L’interesse mondiale rivolto alle biomasse si basa sulle seguenti motivazioni:
•    la loro combustione o degradazione presenta emissioni neutrali nei confronti dell’aumento di anidride carbonica in atmosfera.
•    presentano una distribuzione omogenea su tutto il pianeta
•    possono essere raccolte in prossimità dei centri di conversione energetica
•    hanno un elevato potenziale per la produzione di energia pulita e conveniente
•    contribuiscono allo sviluppo delle zone rurali
•    i biocombustibili derivabili possono essere economici rispetto allo sfruttamento di combustibili fossili importati

Le principali fonti di biomassa a fini energetici
•    Biomasse di origine forestale e residui delle industrie di prima trasformazione del legno: residui provenienti dalle utilizzazioni forestali, residui della lavorazione del legno non trattato, potature del verde urbano

•    Biomasse di origine agricola e residui delle industrie agro-alimentari: produzioni legnose (salice, pioppo, robinia, eucalipto) o erbacee (miscanto, sorgo, cardo, canna) da coltivazioni dedicate, produzioni di piante oleaginose (girasole, colza, etc.), produzione di piante zuccherine (barbabietola da zucchero, sorgo  zuccherino, etc.), residui delle potature, residui delle industrie agro-alimentari (sansa)

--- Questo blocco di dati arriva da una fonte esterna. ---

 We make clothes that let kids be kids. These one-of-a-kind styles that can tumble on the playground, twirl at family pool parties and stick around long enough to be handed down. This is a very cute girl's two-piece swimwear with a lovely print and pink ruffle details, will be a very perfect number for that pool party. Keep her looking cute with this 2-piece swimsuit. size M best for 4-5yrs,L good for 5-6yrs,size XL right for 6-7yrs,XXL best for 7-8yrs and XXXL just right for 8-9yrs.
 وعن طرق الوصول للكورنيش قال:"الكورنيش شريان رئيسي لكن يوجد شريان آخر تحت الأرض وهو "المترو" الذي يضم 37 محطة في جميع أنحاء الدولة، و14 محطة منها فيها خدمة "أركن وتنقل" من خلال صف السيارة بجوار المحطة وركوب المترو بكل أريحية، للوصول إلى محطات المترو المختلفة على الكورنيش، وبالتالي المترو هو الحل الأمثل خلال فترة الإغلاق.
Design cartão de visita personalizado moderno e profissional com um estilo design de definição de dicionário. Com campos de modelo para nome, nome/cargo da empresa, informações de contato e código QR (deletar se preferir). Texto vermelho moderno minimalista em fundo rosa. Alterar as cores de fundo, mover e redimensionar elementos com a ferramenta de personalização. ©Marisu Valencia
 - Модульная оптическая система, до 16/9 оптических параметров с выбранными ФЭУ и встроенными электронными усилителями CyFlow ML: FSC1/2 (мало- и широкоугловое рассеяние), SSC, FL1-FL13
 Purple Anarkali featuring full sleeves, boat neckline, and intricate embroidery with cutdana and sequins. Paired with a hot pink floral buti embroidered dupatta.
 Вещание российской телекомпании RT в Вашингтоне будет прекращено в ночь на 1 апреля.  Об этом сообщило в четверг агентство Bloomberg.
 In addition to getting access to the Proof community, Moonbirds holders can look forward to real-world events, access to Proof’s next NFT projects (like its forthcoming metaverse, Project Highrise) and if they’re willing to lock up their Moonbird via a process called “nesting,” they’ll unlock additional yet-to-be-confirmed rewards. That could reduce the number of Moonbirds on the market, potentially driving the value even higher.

•    Biomasse da rifiuti urbani: componente biodegradabile dei rifiuti urbani e industriali opportunamente selezionati.

Conversione in energia
La possibilità di sfruttare le biomasse come fonte energetica avviene attraverso una serie di processi che vanno dalla semplice combustione delle biomasse ligno-cellulosiche alla esterificazione degli oli per la produzione di biodiesel.

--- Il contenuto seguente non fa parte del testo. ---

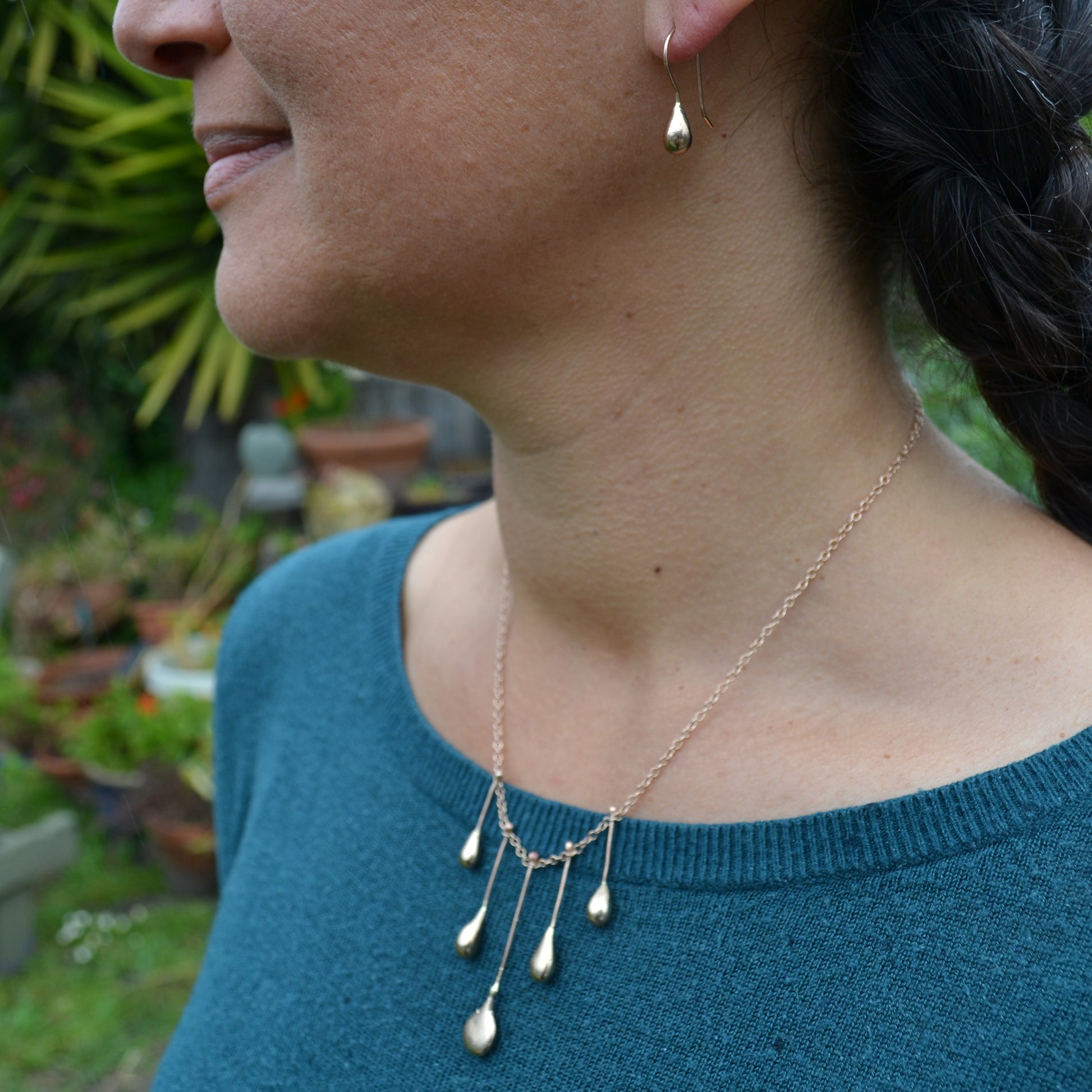 These drips are taken from extra metal drops that are left behind when I cast other pieces. A lesson in the beauty that can be found in things we consider to be waste.

I processi di conversione in energia delle biomasse possono essere ricondotti in due principali categorie:

    * Processi termochimici: l’azione del calore permette le reazioni chimiche necessarie a trasformare la materia in energia. Sono indicate per materiale cellulosico e legnoso. Le biomasse che più sono adatte a tale processo sono le biomasse forestali e i residui delle lavorazioni del legno, le colture dedicate ligno-cellulosiche (miscanto, ecc.) e sottoprodotti delle biomasse agricole (paglia di cereali) e delle industrie agro alimentari (lolla, gusci, noccioli, ecc.)

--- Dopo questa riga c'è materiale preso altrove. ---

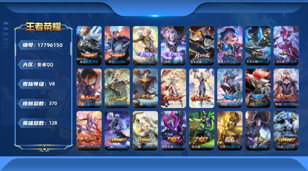 传说品质_后羿_神树通天传说品质_司空震_愿照·山河定传说品质_澜_电玩·雷克斯传说品质_澜_逐花归海传说品质_澜_愿照·九州拓传说品质_诸葛亮_武陵仙君传说品质_孙悟空_齐天大圣传说品质_吕布_怒海麟威传说品质_马超_琥珀纪元传说品质_马超_无双飞将传说品质_宫本武藏_地狱之眼传说品质_镜_炽阳神光传说品质_李信_一念神魔传说品质_李信_山海·炽霜斩传说品质_孙尚香_末日机甲传说品质_桑启_鸣野蒿传说品质_橘右京_枫霜尽传说品质_云缨_神骥·越千峰传说品质_李白_诗剑行传说品质_亚连_落雪白狼传说品质_曜_李逍遥 传说品质_孙策_末日机甲传说品质_孙策_乘龙·淬吴钩传说品质_狄仁杰_神器·狴犴令传说品质_达摩_黄金狮子座传说品质_鲁班七号_寅虎·瑞焰传说品质_虞姬_启明星使传说品质_李元芳_飞鸢探春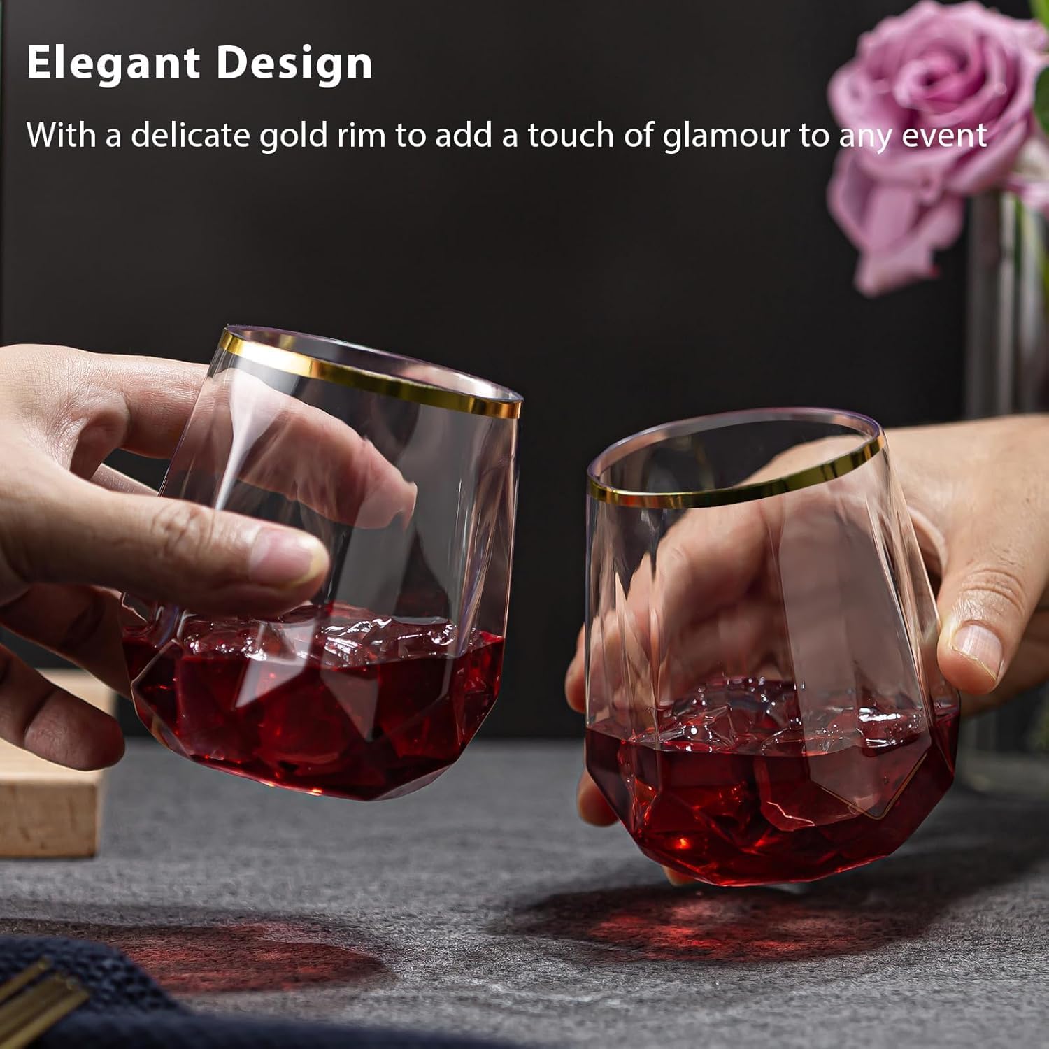 40 count Diamond Unbreakable Stemless Plastic Wine Champagne Whiskey Glasses Elegant Durable Disposable Indoor Outdoor Home office wedding bars 12 Ounce (Classic Old Fashioned Gold Rim)

         1. combustione diretta: consiste nel bruciare la biomassa in presenza di aria. Il processo si avvia con una apporto esterno di calore. La combustione di prodotti e residui forestali e agricoli presenta buoni rendimenti, purché le sostanze siano ricche cellulosa e lignina e con contenuti di acqua inferiori al 35%. Idonee a questo processo di conversione termochimica sono le biomasse di origine forestale e le biomasse ligno-cellulosiche delle coltivazioni dedicate legnose e alcune erbacee (miscanto, canna, ecc.)
         2. carbonizzazione: consente la trasformazione di materiale legno-cellulosico, per azione di calore, in carbone (carbone di legna o carbone vegetale), mediante l’eliminazione dell’acqua e delle sostanze volatili dalla materia vegetale
         3. gasificazione: processo in cui  materiale ligno-cellusoico è termochimicamente convertito in un gas a basso o medio potere calorifico inferiore, tramite la vaporizzazione dei componenti più volatili (gas di idrocarburi, idrogeno ecc.)
         4. pirolisi: decomposizione di materiali organici,  per mezzo di calore (tra 400 e 800°C) e in completa assenza di  ossigeno. I prodotti della pirolisi sono sia gassosi, sia liquidi, sia solidi, in proporzioni che dipendono dai metodi di pirolisi

    * Processi biochimici: ricavano energia per reazioni chimiche derivate dalla presenza di enzimi, microrganismi, funghi, che si diffondono nelle biomasse in particolari condizioni di ambiente (elevato contenuto d’acqua, condizioni anaerobiche). Le biomasse che più si adattano sono le colture dedicate quali le piante oleaginose (girasole, colza, ecc.), i reflui zootecnici, scarti delle lavorazioni agro-industriali o agro-alimentari e i reflui urbani.

         1. digestione aerobica: consiste nella metabolizzazione delle sostanze organiche per opera di micro-organismi, il cui sviluppo è condizionato dalla presenza di ossigeno. Questi batteri convertono sostanze complesse in altre più semplici, liberando anidride carbonica e acqua e producendo calore proporzionale alla loro attività metabolica. Il calore può essere trasferito all’esterno, mediante scambiatori a fluido
         2. digestione aerobica:avviene in assenza di ossigeno e consiste nella demolizione, ad opera di micro-organismi, di sostanze organiche complesse  contenute nei vegetali e nei sottoprodotti di origine animale, producendo gas (biogas)
         3. fermentazione alcolica: avviene per mezzo della presenza di lieviti in condizioni di ambiente privo di ossigeno. Porta alla produzione di etanolo e altre sostanze secondarie. I derivati dell’etanolo possono essere utilizzati come biocombustibili liquidi
         4. esterificazione: processo nel quale un olio vegetale è fatto reagire in eccesso di alcool metilico e in presenza di un catalizzatore. Il prodotto finale, è una miscela di metil-esteri, che non contiene né zolfo né composti aromatici, con elevata presenza di ossigeno (ha come prodotto il biodiesel).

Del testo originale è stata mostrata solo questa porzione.